Gonzales quickly established himself in the governor’s office as a sort of lawyer’s lawyer: thorough, cautious, self-effacing, and deeply loyal to Bush. “He was extremely discreet,” says former state senator David Sibley. “You’d go by Al’s office and say, ‘Boy, there was quite a stir in so and so’s office yesterday.’ This is the way we all gather information around the Capitol. But with Al you’d get nothing back. Maybe an ‘Um’ or a ‘Really?’ I never had any idea what he was telling Bush or what he knew.” He was, by all accounts, a genuinely nice person: a good listener and a boss who was admired and well liked by his staff, whom he sometimes advised on their career choices.

Bush took an immediate liking to his soft-spoken new counsel.

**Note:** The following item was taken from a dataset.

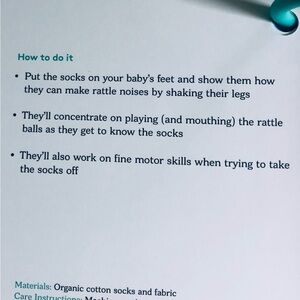 Vibrant multicolor ball with soft white sound socks and Play Guide with expert tips, development info and at- home activities for ages 5-6 months. Excellent used condition

Gonzales also had a talent for presenting information in bite-size nuggets to his boss, a man with a notoriously short attention span. “The two had a warm relationship,” says former Bush adviser McMahan. “One of the reasons the governor liked Al was that when he presented something, he was very concise and to the point and at the end he made a recommendation.” Gonzales was almost preternaturally calm, say former colleagues, never raising his voice, never showing anger. “When he met with the governor, it was all business,” says Stuart Bowen, whom Gonzales hired to both the general counsel’s office and to the White House counsel’s office. “Unlike the others—Karen, Karl, Joe—he did not give and take a lot of quips. He is not a quipper.”

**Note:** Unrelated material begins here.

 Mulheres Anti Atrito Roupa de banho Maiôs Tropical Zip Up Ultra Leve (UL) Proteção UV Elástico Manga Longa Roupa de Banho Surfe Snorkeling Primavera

What cemented his closeness with Bush, say associates, were the death penalty cases that made up a significant part of the general counsel’s job. Gonzales vetted these cases for Bush, writing opinions if there were evidentiary or other legal problems; as counsel he signed off on 59 executions. In his autobiography, Bush writes that Gonzales’ guidance was particularly important to him on the eve of the controversial execution of Karla Faye Tucker, the attractive, born-again-Christian murderer whose death created an international sensation. Of the end of that long night, he writes, somewhat melodramatically: “On the way out the door, I paused and looked back in my office at Al Gonzales. ‘Thank you,’ I said somberly to the lawyer who had guided us through this difficult capital case. ‘You did a good job.'”

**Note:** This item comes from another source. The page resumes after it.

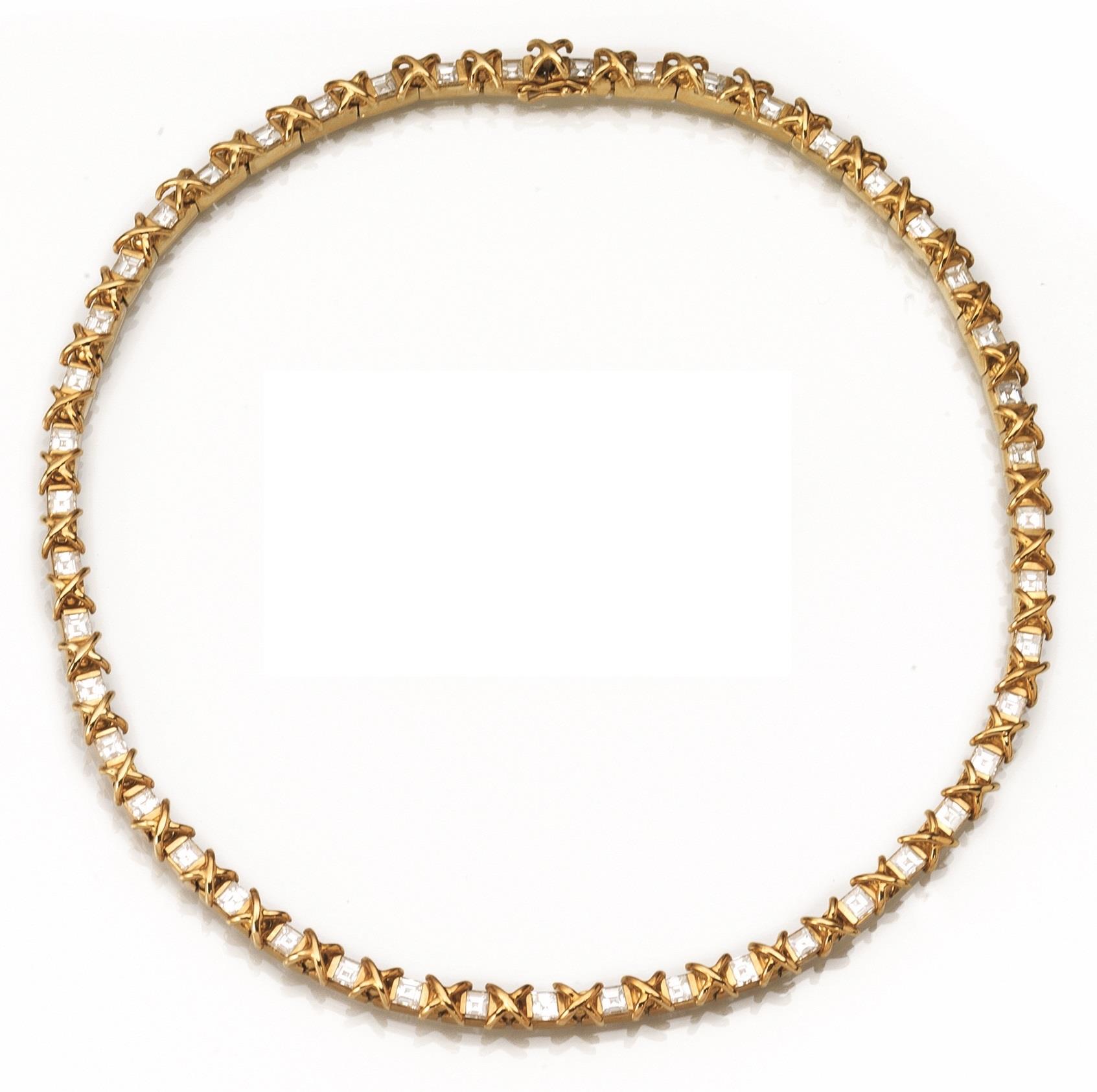 realizzata ad una fila di diamanti quadrati taglio a gradini intercalati da maglie bombate in oro giallo a croce, punzone 750, g 69

Gonzales did a good job on other cases too, including, when he was Secretary of State, Bush’s successful intervention in the state’s lawsuit against the tobacco companies, which ensured that the companies, not the state, would pay the lawyers’ fees. In 1998 Bush’s affection for Gonzales led to his appointment as a justice to the Supreme Court of Texas, though he had never tried a single case—civil or criminal. Gonzales was then elected to the position in 2000; friends say he found the electoral process distasteful. “He is well grounded, but he also has a very idealistic view of the world,” says media consultant David Weeks, whose company produced Gonzales’ lone campaign ad. “Al is the antithesis of a politician.”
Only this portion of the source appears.